O negacionismo pode ser provocado por diversos motivos, como crenças religiosas, ou defesa contra conhecimentos perturbadores. Esse comportamento costuma se fortalecer quando a sociedade se encontra em algum processo de instabilidade.

Os primeiros negacionistas rotulados com esse nome foram aqueles que negam o holocausto. Em seguida, vieram os que negam o aquecimento global e depois aqueles do movimento antivacina e os que negam a teoria da evolução. 

Algumas indústrias utilizam desse mecanismo para se contrapor aos conhecimentos científicos que contrariam seus interesses. Um caso emblemático ocorreu na década de 1950, quando a indústria do tabaco trabalhou para desacreditar as pesquisas que ligavam o fumo com o aumento do câncer. Chegaram a divulgar falsos artigos científicos com resultados não comprovados. 

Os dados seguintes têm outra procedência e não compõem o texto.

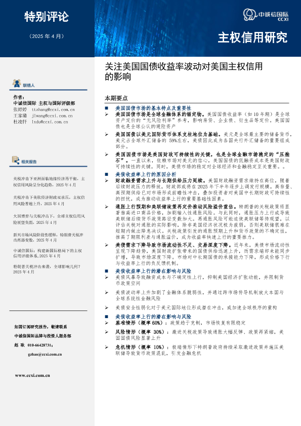 【中诚信国际】【20250708】关注美国国债收益率波动对美国主权信用的影响-9页

O mesmo tipo de esquema foi utilizado para negar a existência do buraco na camada 

de ozônio. As indústrias do carvão e do petróleo fizeram de tudo para desacreditar a ciência climática e barrar os movimentos contra o aquecimento global.

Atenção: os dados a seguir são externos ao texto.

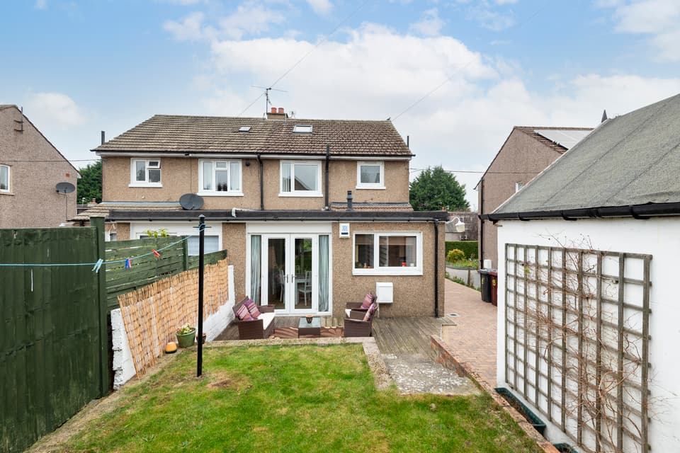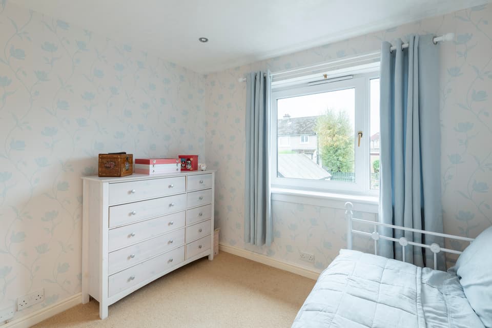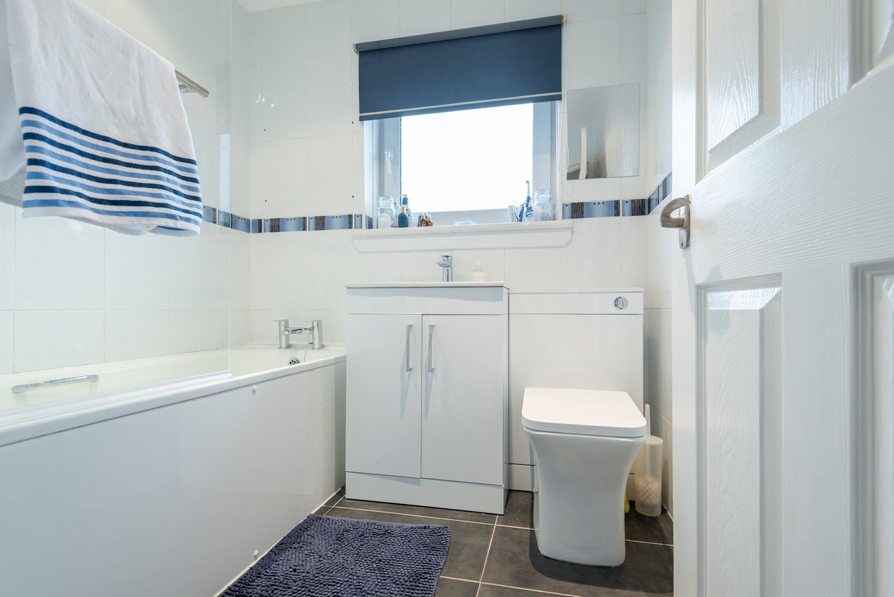 The property itself offers bright, well-presented and comfortable accommodation throughout, perfectly suited to a range of purchasers. The internal layout comprises a welcoming entrance hallway leading to a spacious and naturally bright lounge with ample space for both living and dining furniture. The modern kitchen is fitted with a range of wall and base units, providing generous worktop and storage space. The family bathroom is fitted with a modern three-piece suite. On the upper level, there are two well-proportioned double bedrooms, both offering built-in storage.

A diminuição da taxa de vacinação mundial teve origem em um movimento pseudocientífico de antivacina provocado por um artigo publicado pelo britânico Andrew Wakefield, em 1998. Nesse texto, que depois ficou provado mentiroso, ele sugeriu um aparente vínculo entre a vacina tríplice e o autismo.

Mesmo depois de provada a fraude, eles continuaram a divulgação do referido artigo e conseguiram convencer muitos incautos, que deixaram de vacinar as suas crianças. Por conta dessa fraude, muitas pessoas foram infectadas e outras tantas morreram.

Isso nos leva a concluir que, mais do que uma brincadeira de mau gosto, o negacionismo pode provocar danos às pessoas e constituir-se crime.

Nem todos os negacionistas são necessariamente criminosos. Essa adjetivação se aplica mais diretamente aos formadores de opinião e aos governantes que propagam propositalmente tais ideias. Esse comportamento pode também estar relacionado com a fragilidade psicológica de determinados indivíduos. 

No campo da psicologia, a negação é definida como um mecanismo psicológico de defesa que leva a pessoa a evitar a realidade em que vive. O sujeito age como se não houvesse nada de anormal acontecendo a sua volta. Ele rejeita as evidências científicas porque esse conhecimento pode contrariar as suas fantasias. Esse tipo de negação pode resultar em desgaste emocional, para o indivíduo e para os outros.

No Brasil, o governante máximo da nação tem feito sucessivas divulgações de notícias falsas com o intuito de desacreditar os cientistas e fazer crer que não estamos sofrendo nenhuma dificuldade com a pandemia. Tem defendido que há remédios milagrosos e que as pessoas devem contrariar as recomendações dos cientistas e ocupar as ruas, em prol da manutenção da economia. À primeira vista, essas ideias parecem inofensivas, mas têm sido vistas como causadoras de sérios danos e responsáveis pelo aumento do número de mortes. 

Quando o Presidente do Senado Federal fez a afirmação apresentada no início desse artigo, ele estava se referindo à atitude do Presidente da República quando este tenta tornar invisível a pandemia e ignorar os mais de 300 mil mortos.

O congressista não deixou claro, no entanto, se enquadra o chefe do executivo como um criminoso, propagador do vírus ou um portador de problemas psicológicos. 



[1] Físico, Educador, Presidente da Associação Sergipana de Ciência (ASCi).